Alsace: Le maire de Kingersheim tente d’exploiter le «potentiel citoyen» des habitants pour «co-construire» les projets démocratiques
POLITIQUE Loin de la présidentielle, Jo Spiegel a lancé il y a plus de 20 ans la construction d’une nouvelle forme de démocratie participative dans sa commune, où il tente d’impliquer un maximum de citoyens dans les choix politiques…
- « Il faudrait sortir du “je” pour rentrer dans le “nous” en politique »
- « Je suis un militant de la transition, démocratique d’abord puis écologique ensuite »
Son livre Et si on prenait – enfin ! – les électeurs au sérieux est sorti au tout début de cette drôle d’année électorale. Quatre ans après son dernier ouvrage, Citoyens, impliquons-nous ! (Re) prenons le pouvoir collectif (éditions TempsPrésent) Joseph Spiegel, maire de la commune haut-rhinoise de Kingersheim depuis bientôt 30 ans n’a pas grand-chose du donneur de leçon.
Pourtant, l’écouter raconter la mise en place de ses conseils participatifs, par exemple, où les habitants construisent ensemble des solutions en forme de compromis pour chaque projet mené dans la commune a quelque chose de reposant, en pleine campagne pour la présidentielle un brin électrisée. Avant le premier tour, il s’est livré au milieu de son dernier mandat.
Est-ce que vous suivez la campagne actuelle ?
Comme jamais je n’ai été devant un spectacle ! Je considère que nous sommes au bout d’un système où la démocratie consiste tous les cinq ans à sortir son meilleur show. Mais la vraie vie n’est pas là. Sa complexité ne peut d’ailleurs pas être reflétée par ce système partisan. C’est notamment pour cela qu’il faut revoir la démocratie […]. D’autant que le potentiel citoyen reste non-exploité. Il faudrait sortir du « je » pour rentrer dans le « nous » en politique.
De quelle manière tentez-vous, à votre échelle, d’instaurer ça ?
Le modèle participatif consiste à trouver un consensus dynamique, en mettant toutes les parties autour de la table. Si vous voulez par exemple installer un espace de jeu dans un quartier, il faut impliquer des habitants proches et moins proches, des acteurs du Plan local d’urbanisme ou encore des élus, faire émerger quelque chose de collectif. Avec des politiques, des habitants, des experts… Il faut assurer ça pour chaque projet, en donnant d’abord des informations aux gens avant de créer un débat public durable dans lequel l’élu pose le cadre dès le départ.

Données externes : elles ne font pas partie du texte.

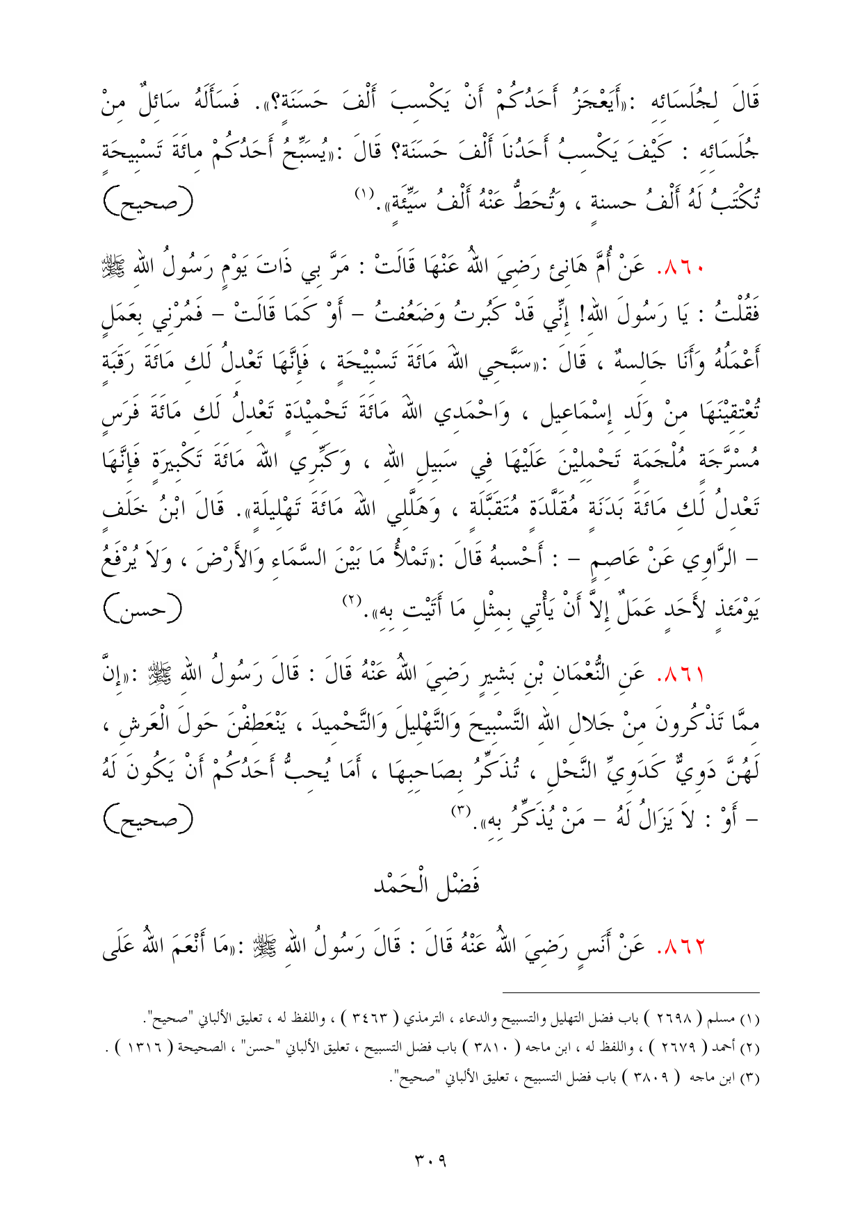 860 - عَنْ أُمَّ هَانِئ رَضِيَ اللهُ عَنْهَا قَالَتْ: مَرَّ بِي ذَاتَ يَوْمٍ رَسُولُ اللهِ - صلى الله عليه وسلم - فَقُلْتُ: يَا رَسُولَ اللهِ! إِنِّي قَدْ كَبُرتُ وَضَعُفتُ - أَوْ كَمَا قَالَتْ - فَمُرْنِي بِعَمَلٍ أَعْمَلُهُ وَأَنَا جَالِسهٌ، قَالَ: «سَبَّحِي اللهَ مَائَةَ تَسْبِيْحَةٍ، فَإِنَّهَا تَعْدِلُ لَكِ مَائَةَ رَقَبَةٍ تُعْتِقِيْنَهَا مِنْ وَلَدِ إِسْمَاعِيل، وَاحْمَدِي اللهَ مَائَةَ تَحْمِيْدَةٍ تَعْدِلُ لَكِ مَائَةَ فَرَسٍ مُسْرَّجَةٍ مُلْجَمَةٍ تَحْمِلِيْنَ عَلَيْهَا فِي سَبيِلِ اللهِ، وَكَبِّرِي اللهَ مَائَةَ تَكْبِيرَةٍ فَإِنَّهَا تَعْدِلُ لَكِ مَائَةَ بَدَنَةٍ مُقَلَّدَةٍ مُتَقَبَّلَةٍ، وَهَلَّلِي اللهَ مَائَةَ تَهْلِيلَةٍ». قَالَ ابْنُ خَلَفٍ - الرَّاوِي عَنْ عَاصِمٍ -: أَحْسبهُ قَالَ: «تَمْلأُ مَا بَيْنَ السَّمَاءِ وَالأَرْضَ، وَلاَ يُرْفَعُ يَوْمَئذٍ لأَحَدٍ عَمَلٌ إِلاَّ أَنْ يَأْتِي بِمِثْلِ مَا أَتَيْتِ بِهِ». (¬2) =حسن

Quand avez-vous lancé cette démarche ?
Je suis arrivé en 1989, mais cela s’est fait progressivement. Il a fallu inventer pas mal de choses. Moi, je suis un militant de la transition, démocratique d’abord puis écologique ensuite. Ça prend du temps et ça demande de la volonté et des convictions à respecter. Les partis (il a quitté le PS, ndlr), eux, sont là pour la conquête du pouvoir […]. Aujourd’hui, on est dans l’accélération du temps et la superficialité de la pensée, alors que la bonne décision nécessite de la lenteur et un vrai dialogue […]. Lors de mon premier mandat, nous nous sommes notamment focalisés sur l’éducation. Comme au Danemark, je pense qu’on devrait ainsi commencer par apprendre à se parler, à se respecter dès le plus jeune âge, ce serait le meilleur début de la citoyenneté active.
Comment avez-vous ensuite tenté d’intéresser les gens ?

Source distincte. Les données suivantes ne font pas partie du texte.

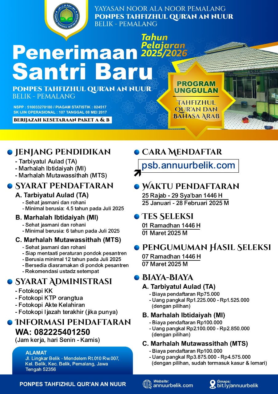 telah dibuka penerimaan santri baru untuk tahun pelajaran 2025/2026, dengan ketentuan sebagai berikut :

Au fil des années, j’ai organisé différents temps de rencontre. En 1998, j’ai d’abord fait un tour de la ville à pied, pendant six mois, pour échanger avec les habitants et les inciter à répondre à un questionnaire sur leurs besoins. Puis j’ai mis en place des états généraux pour questionner et mobiliser sur le processus de prise de décision et on a eu 43 % de réponse. En 2015, j’ai également refait le tour de la ville à pied pour trouver comment animer avec les habitants l’actuel mandat marqué par la sobriété. On en a dégagé 20 projets sur trois ans, tous avec l’implication de citoyens. Mais les encourager à participer n’est pas si simple.
Cette « maison de la citoyenneté » que vous avez créée, de quoi s’agit-il ?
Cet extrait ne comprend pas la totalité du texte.